Era Leizi me ligando. Atendi imediatamente:
— Leizi, onde diabos você estava? Por que não atendia minhas ligações? — gritei.
— Estou na cidade de Dongdian. Esqueci o celular em casa. O que houve, terceiro irmão? — ele respondeu.
— O que é que você está fazendo na cidade? Vai ajudar aquela funerária com as coisas estranhas? Você enlouqueceu? Isso não é brincadeira! — falei, irritado.
— Terceiro irmão, não se preocupe. Lembra da tal talismã que você me deu? Estou usando ela — explicou.
Fiquei parado uns segundos e então me lembrei. Quando fomos expulsar o fantasma da mansão de Linsen, deixei com ele um talismã de proteção para se defender. Mas ele estava pensando em usar aquilo para resolver os problemas da funerária.
— Onde você está agora? — perguntei, já sem paciência, querendo encontrar ele para trazê-lo de volta. Conheço seu orgulho; ele não voltaria por telefone se não fosse forçado.
— Na funerária de Dongdian — respondeu.
Desliguei e peguei um táxi para lá.
Vinte minutos depois, o táxi parou nos fundos da funerária. Paguei e entrei pelo portão dos fundos.
No pátio da funerária, tirei o celular para ligar para Leizi, mas de repente um carro branco entrou pela entrada principal. Parou e dois homens, um homem e uma mulher, desceram.

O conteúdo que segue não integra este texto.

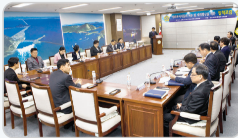
▲ 사회복지사 권익 신장을 위한 정책포럼

Eles abriram a porta de trás e carregaram uma maca com um corpo dentro de um saco plástico azul para dentro da funerária.
Observei bem a mulher e de repente me pareceu muito familiar.
Claro! Era a garota Bai, aquela que antes suspeitava que eu tivesse matado o pai dela!
Mas como uma garota acabou trabalhando como carregadora de corpos numa funerária?